The Board and management are committed to conducting all business activities,
legally, ethically and with strict observance of the highest standards of integrity
and propriety.
To achieve this requires sound corporate governance practices and policies that have
been adopted by the Board and implemented throughout all levels of management.
Each director is expected to have regard to these practices and policies in the
performance of his or her duties as a director of the Company.
Good corporate governance is a fundamental part of the culture and the business practices of the Group.
Ergon Energy's corporate governance practices are further described in the "Corporate Governance Statement" section of the Governance and Annual Financial Report 2008-09.
The Australian Stock Exchange (ASX) Corporate Governance Council released Principles of Good
Corporate Governance and Best practice Recommendations ('the Principles") on 31 March 2003.

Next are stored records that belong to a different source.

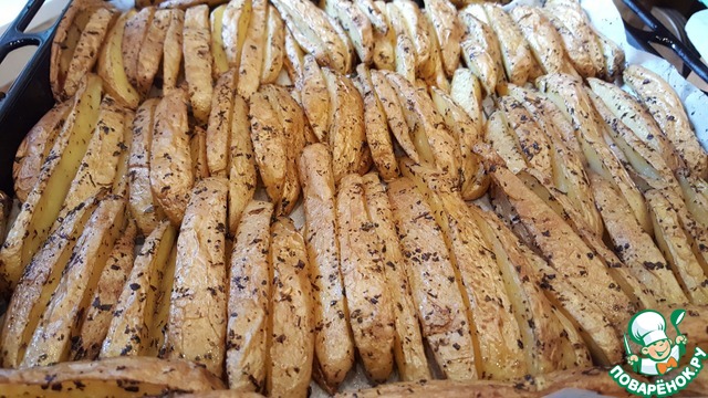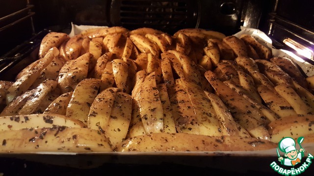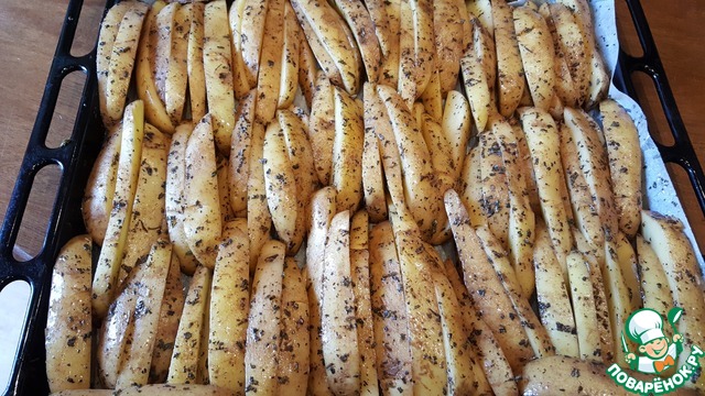 Сбрызгиваем картофель оливковым маслом. Удобно надеть одноразовые перчатки, растираем масло по поверхности каждой дольки картофеля. Выкладываем дольки на противень вплотную друг к другу - частоколом, шкурой вверх. Такая укладка поможет избежать подгорания картофеля при выпечки по бокам, а шкура предохранит верх.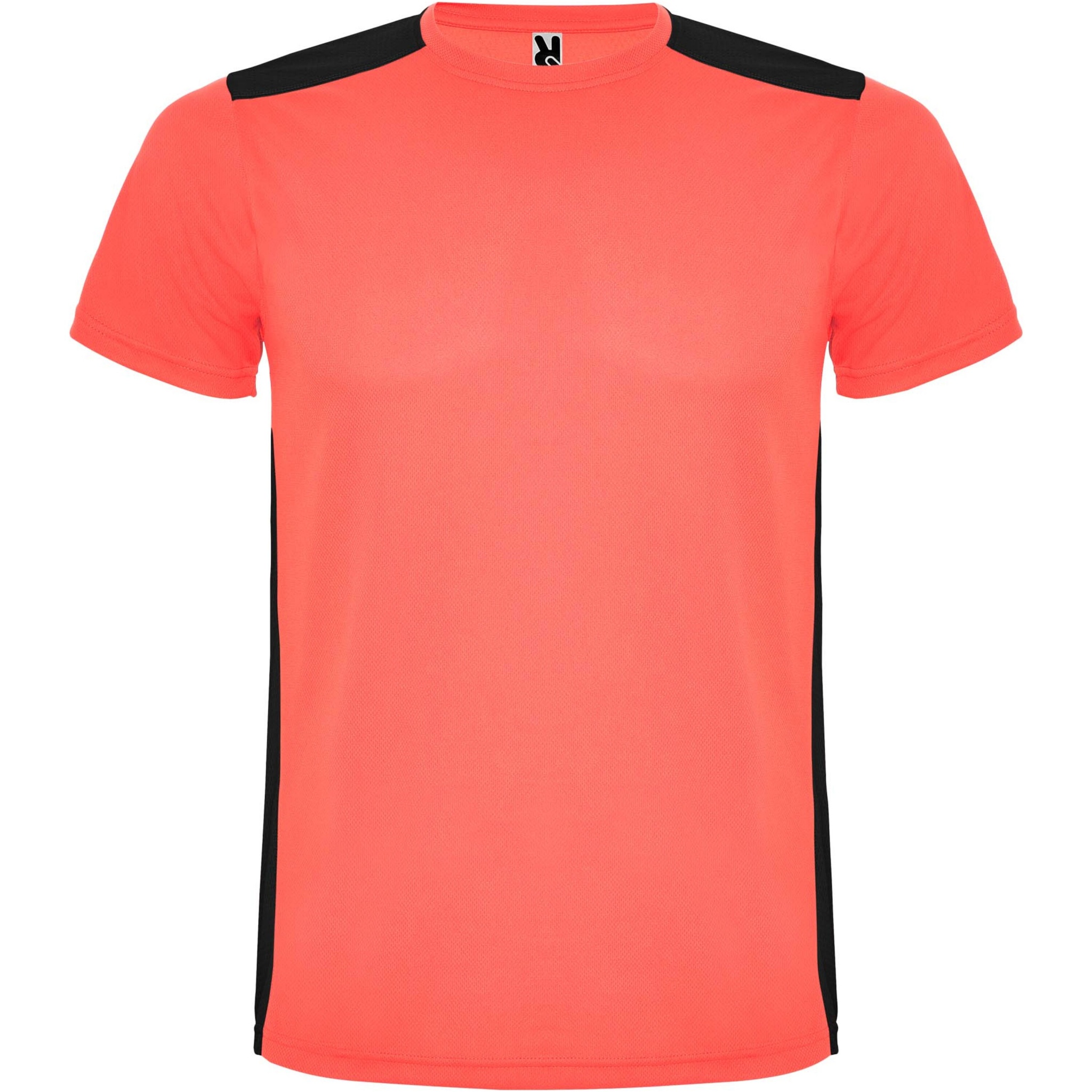 Detroit short sleeve kids sports t-shirt, Fluor Coral / Solid black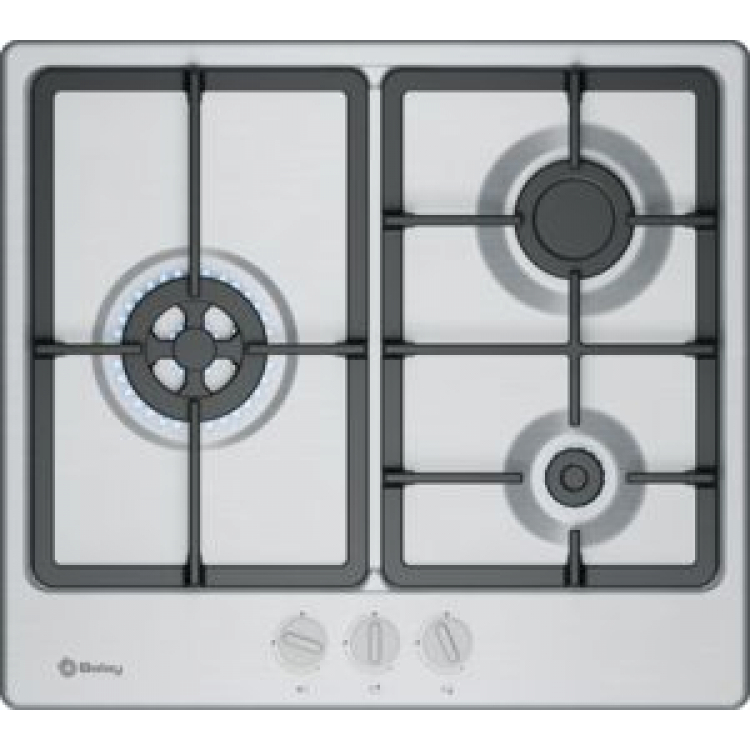 Placa Gas 60cm BALAY 3ETX563CB con 3 quemadores BALAY, 3ETX563CB, Encimera, Gas, Encastrable, 60 cm., 3 quemadores, Acero, Wok de 3,3 kW., Gas Stop, parrillas hierro fundido aptas lavavajillas, autoencendido.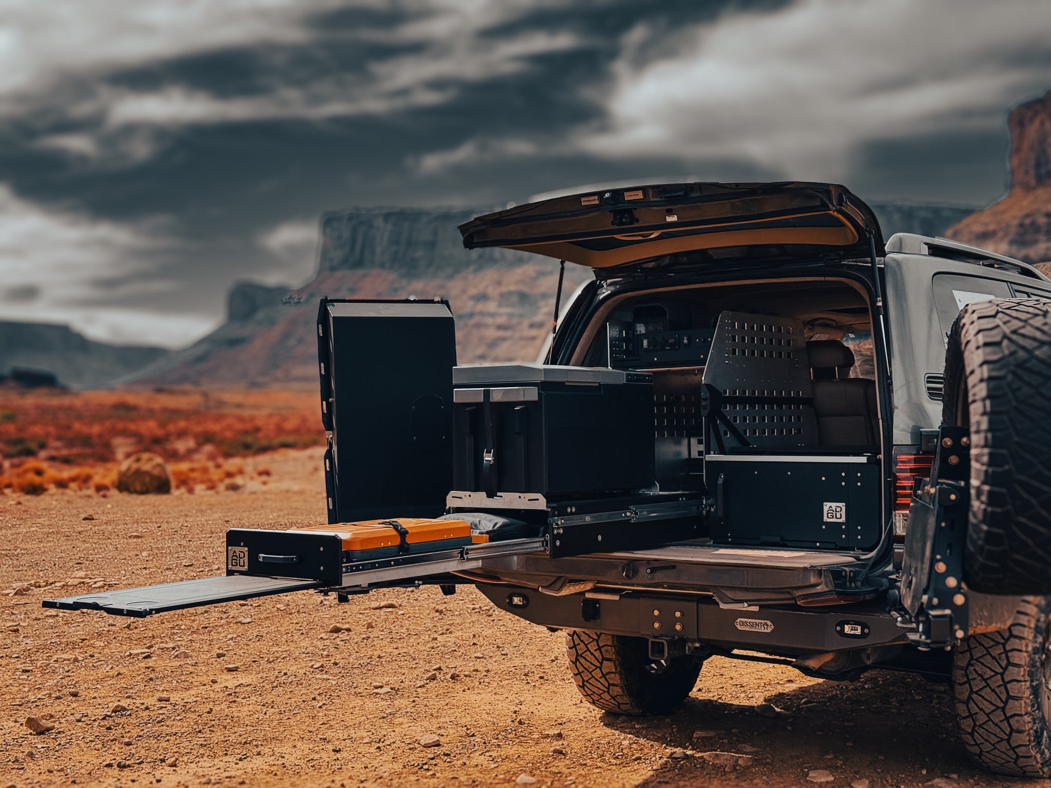 This option protects your fridge from the rest of your cargo, keeps objects from falling behind your fridge and provides a multitude of mounting solutions for any kind of gear you want to keep handy in your car.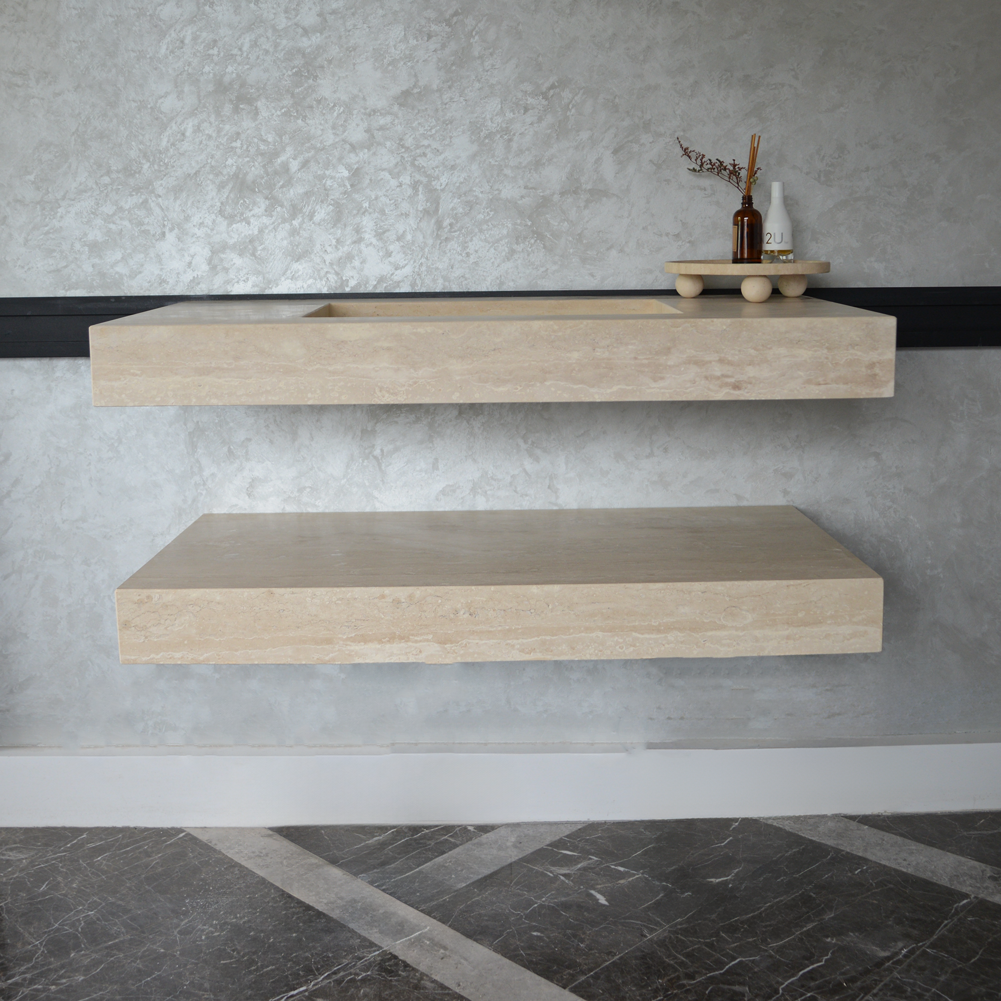 HANDCRAFTED CUSTOM TRAVERTINE SINK AND MATCHING SHELF

Ergon Energy has reviewed its current practices and established that, where the Principles
are applicable to a Government Owned Corporation (GOC), it is substantially in accordance
with the Principles.
This position has been confirmed by internal audit findings in September 2004.
The State of Queensland (Queensland Treasury) issued Corporate Governance Guidelines
('the Guidelines") for Government Owned Corporations in September 2005.
These guidelines have been drafted having regard to the ASX Principles, Reports from the
Queensland Auditor-General and the OECD Principles of Corporate Governance.
In some instances, the recommendations in the guidelines differ from those in the principles.
Where appropriate, new policies and procedures have been developed in response to these differences.
Ergon Energy will continue to review its policies and practices in light of further developments
in corporate governance and new guidelines that are generally accepted by the business community.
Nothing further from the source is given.